While all the offenses for which he was sentenced occurred in S.L.O. County, Dayspring was well-known in northern Santa Barbara County, where he operated several industrial-scale cannabis operations off the steep and winding road that wends through the bucolic paradise of Tepusquet Canyon. Residents there had been complaining of Dayspring’s aggressive scofflaw methods — large trucks driving back and forth, night lights and night generators blaring forth, illegal grading, creek degradation, and cultivating in excess of permits — since 2015. It was Dayspring who mobilized the residents of his valley into continuous agitation in front of the Santa Barbara County supervisors, demanding relief and action. Ultimately, the county supervisors would lower the boom on Dayspring’s Santa Barbara operations and county inspectors would levy $35,000 in fines. But all that would happen only after the bribery scandal had been exposed.

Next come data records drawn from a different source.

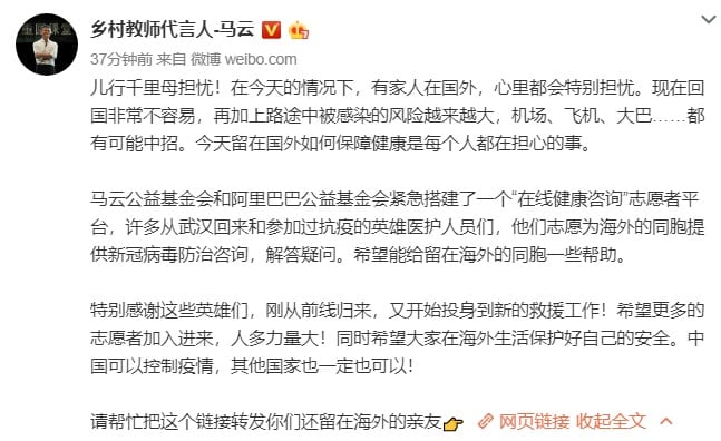 According to a personal Weibo post this morning, Jack Ma stated that the Jack Ma Foundation and Alibaba Foundation have urgently set up an "online health consultation" volunteer platform that can provide newcomer virus prevention and consultation to overseas compatriots.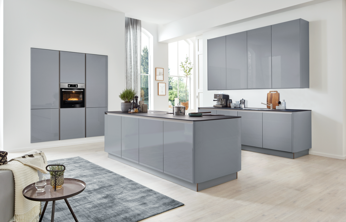 - Papyrusgrau Hochglanz als stilvolle Basis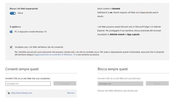 Nella parte bassa della schermata possiamo specificare i siti che potranno essere visualizzati e quelli che invece dovranno essere bloccati sempre. Spuntando poi la voce Visualizza solo siti Web nell’elenco dei consentiti facciamo in modo che il bambino possa visualizzare solo i siti Web consentiti in modo esplicito.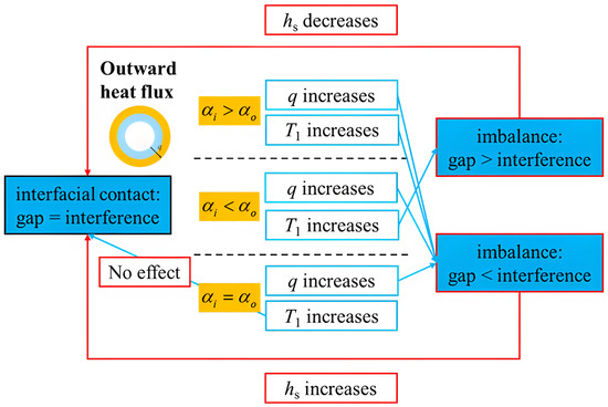 Intuitively but not rigorously, we can understand the general response modes as follows: the expansion of the outer cylinder moves it away from the interface, loosening the contact and thus decreasing , while the expansion of the inner cylinder increases for the opposite reason. When q increases, the temperature gradient along the heat flow path increases, and because heat flows outward, the inner cylinder will experience a greater temperature rise. Therefore, the net effect is the expansion of the inner cylinder, leading to larger . When increases, the cylinder with the larger expansion coefficient will dominate the net effect. For example, when is larger, the net effect is the expansion of the inner cylinder, and increases.

Helios Dayspring, pictured here at a Santa Barbara County Board of Supervisors cannabis hearing in 2017.

Dayspring’s supporters — friends, family members, employees, business partners — submitted many testimonials on his behalf, painting him as kind, courageous, and generous when it comes to animals and the less fortunate. Dayspring described himself as a poor child, the youngest of six kids and child of a single mom who never knew his father. Dayspring wrote that he learned to fish using a line tethered to a coat hanger, killed birds for food, and learned the value of hard work at an early age. Not a good student, he dropped out of high school in the 10th grade. Psychologically seared by his early abandonment, Dayspring wrote, he learned at an early age not to trust anyone whose loyalty couldn’t be bought and paid for. Over the past 15 years, Dayspring wrote, he focused all his considerable energy and talent “on building a business that was too big to fail.” 

In the end, he amassed an empire he valued at $30 million. 

He expressed responsibility and contrition for his transgressions, while at the same time blaming an unidentified attorney for leading him astray and into bribery. In the end, his efforts to secure the loyalty of politicians would do him in.

Dayspring argued he should be sentenced to three years of house arrest and probation, citing his weight gain — more than 300 pounds— and health concerns—Crohn’s disease — that had overtaken him in the past two years. He also cited his work as an informant and his willingness to wear a wire, noting that he’d been the recipient of at least one death threat. Federal prosecutors downplayed the value of Dayspring’s work as an informant, saying it had led to no new investigations or arrests.